Shut church for months, ‘ready to go to hell’, Zimbabwe pastor warns world leaders

A Zimbabwe pastor warned against the world leaders decided to shut down the worshipping center because of the risk of getting the COVID-19 pandemic.

He said, “The COVID-19 virus, It is a human-made virus, just to show the world that devils still have power on earth. And most of the top world leaders know about this virus. They should be ready to go to hell because God is angry with those wicked leaders in the world.”

“A quick survey around town shows a lot of religious activity above 100 people,” government spokesman Nick Mangwana said on Twitter.

“Let’s be responsible. All of us will die. And then go to hell,” he said.

Most world leaders had banned gatherings of more than 100 people to ward off the spread of the new coronavirus.

The southern African country, whose healthcare system has been eroded by two decades of economic decline, has so far recorded two cases of COVID-19.

Harare resident Joyce Ndlovu said her church had staggered masses so that none would exceed 100 faithful.

“Not going to church on Sunday is not an option,” she said. “So we have decided to not all go at the same time.”

Meanwhile around 40 cars were seen in the carpark outside a Methodist school frequented by President Emmerson Mnangagwa, an AFP correspondent said.

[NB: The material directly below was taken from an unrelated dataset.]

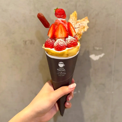 大名店は路面店という立地を活かし、テイクアウトにも最適なクレープをご用意しています。片手で手軽に楽しめるよう工夫されたクレープの中には、もちろん新鮮な完熟あまおうがたっぷり。可愛らしい見た目と濃厚な味わいは、食べ歩きをさらに楽しくしてくれます。お買い物や散策の合間に、ぜひいちごの風味豊かなクレープをお試しください♪

Mnangagwa last Tuesday declared the new coronavirus pandemic a “national disaster” as he banned gatherings of more than 100 people.

But the next day he held a political rally in the east of the southern African country attended by several hundred people.

Also, despite ordering his ministers not to travel abroad, a ban he said applied to himself, the president traveled to Windhoek for the inauguration of his Namibian counterpart Hage Geingob.

Angolan and Botswanan presidents Joao Lourenco and Mokgweetsi Masisi were also present at the event attended by several hundred people.

Botswanan civil servants have been ordered not to leave the country, while in Angola, Lourenco decreed the closure of land borders and banned commercial flights as well as gatherings of more than 50 people.